● **WHAT IS BEING ASKED**
A faithful copy of every record is needed here. Images must not appear in it.

[RECORDS TO USE Boundary: Start]

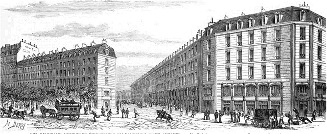 M. Emile Leménil, architecte, a formulé un programme et présenté des plans. Une Société anonyme s'est constituée pour mettre ces plans à exécution, et, dans l'espace d'une année, l'entreprise a été menée à bonne fin. Notez que l'opération est des plus considérables. C'est toute une rue nouvelle, d'un très-joli aspect, qui va créer une élégante petite ville dans l'immense faubourg. Cette rue, que la Compagnie livre à la ville de Paris entièrement terminée, avec ses trottoirs et sa chaussée, porte le nom de rue de l'Industrie Saint-Antoine et relie entre elles les deux grandes artères du faubourg Saint-Antoine et du boulevard Voltaire. Nous l'avons dit; l'idée-mère qui a inspiré la création de ces nouveaux immeubles a pour but de mettre à la disposition de l'ouvrier une installation complète pour sa famille et pour son atelier. Toutes les locations de la rue de l'Industrie Saint-Antoine sont disposées pour y appeler comme annexes l'industrie et le travail.
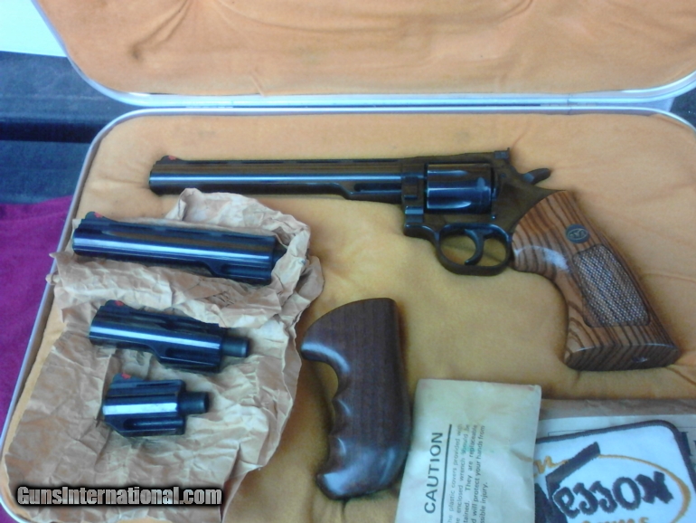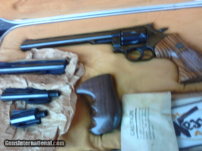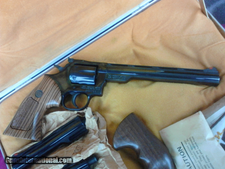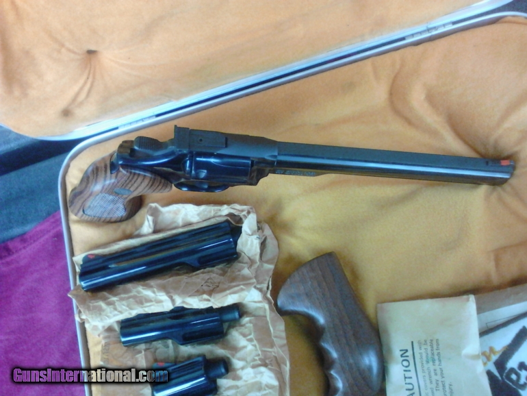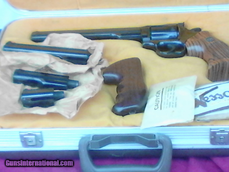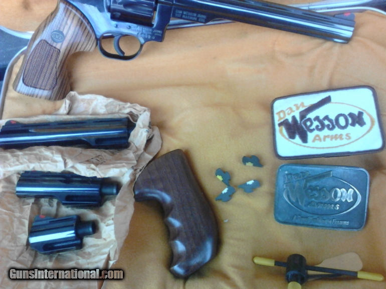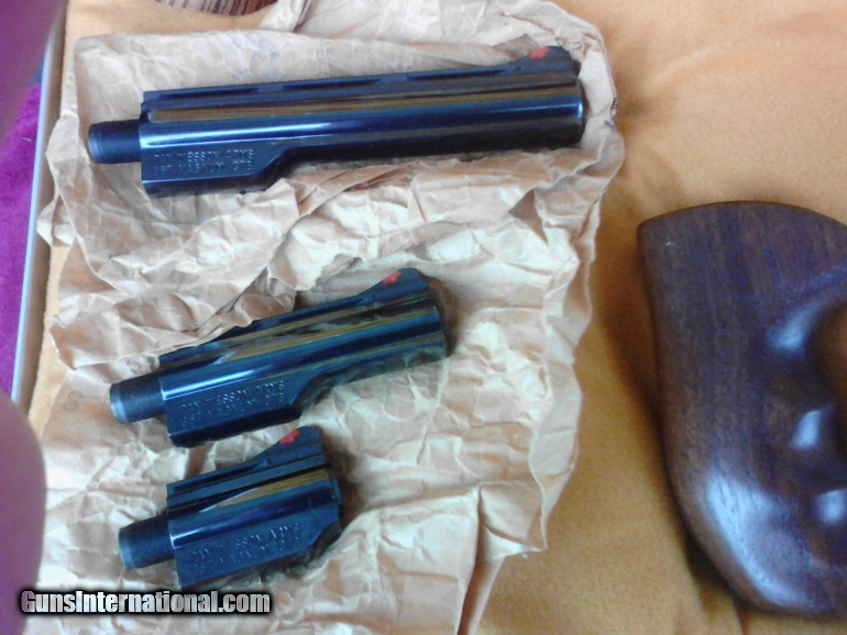Description: Dan Wesson pistol pac with 4 barrels 2-4-6-8 in all in like new condition. Has belt buckel-sights-tool and gauge. Gun and grips are like new in original case. Very light turn ring. Looks almost unfired SOLD |
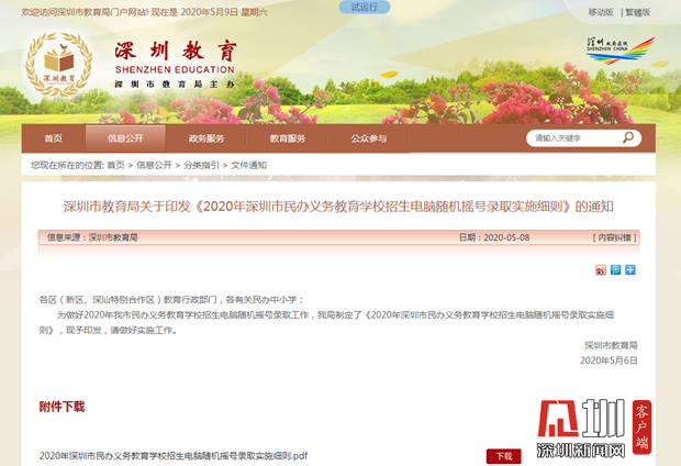見圳客戶端·深圳新聞網2020年5月9日訊(見圳客戶端、深圳新聞網記者 張玲)2020年,深圳中小學招生政策發(fā)生重大改變。根據深圳市《關于做好2020年普通中小學招生入學工作的通知》的規(guī)定,民辦中小學校招生必須搖號。
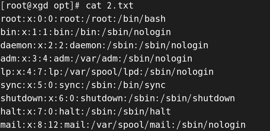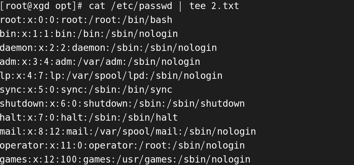 今天就举一个例子,就比如下面的命令,正常是查看/etc/passwd的内容并输入,我们加入了管道符,将左边命令输出的内容作为右边的输入把/etc/passwd的内容通过tee重定向到文件2.txt中去
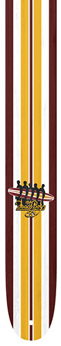 This is a 2.5" wide licensed Beach Boys guitar strap featuring the "Surfboard" design . This 100% genuine leather strap is made with High Resolution Imaging which makes the picture crystal clear. This strap is adjustable from 44.5" to 53" in length.

[RECORDS TO USE Boundary: End]

● **ANSWER BELOW**
 M. Emile Leménil, architecte, a formulé un programme et présenté des plans. Une Société anonyme s'est constituée pour mettre ces plans à exécution, et, dans l'espace d'une année, l'entreprise a été menée à bonne fin. Notez que l'opération est des plus considérables. C'est toute une rue nouvelle, d'un très-joli aspect, qui va créer une élégante petite ville dans l'immense faubourg. Cette rue, que la Compagnie livre à la ville de Paris entièrement terminée, avec ses trottoirs et sa chaussée, porte le nom de rue de l'Industrie Saint-Antoine et relie entre elles les deux grandes artères du faubourg Saint-Antoine et du boulevard Voltaire. Nous l'avons dit; l'idée-mère qui a inspiré la création de ces nouveaux immeubles a pour but de mettre à la disposition de l'ouvrier une installation complète pour sa famille et pour son atelier. Toutes les locations de la rue de l'Industrie Saint-Antoine sont disposées pour y appeler comme annexes l'industrie et le travail.
Description: Dan Wesson pistol pac with 4 barrels 2-4-6-8 in all in like new condition. Has belt buckel-sights-tool and gauge. Gun and grips are like new in original case. Very light turn ring. Looks almost unfired SOLD |
見圳客戶端·深圳新聞網2020年5月9日訊(見圳客戶端、深圳新聞網記者 張玲)2020年,深圳中小學招生政策發(fā)生重大改變。根據深圳市《關于做好2020年普通中小學招生入學工作的通知》的規(guī)定,民辦中小學校招生必須搖號。
 今天就举一个例子,就比如下面的命令,正常是查看/etc/passwd的内容并输入,我们加入了管道符,将左边命令输出的内容作为右边的输入把/etc/passwd的内容通过tee重定向到文件2.txt中去
 This is a 2.5" wide licensed Beach Boys guitar strap featuring the "Surfboard" design . This 100% genuine leather strap is made with High Resolution Imaging which makes the picture crystal clear. This strap is adjustable from 44.5" to 53" in length.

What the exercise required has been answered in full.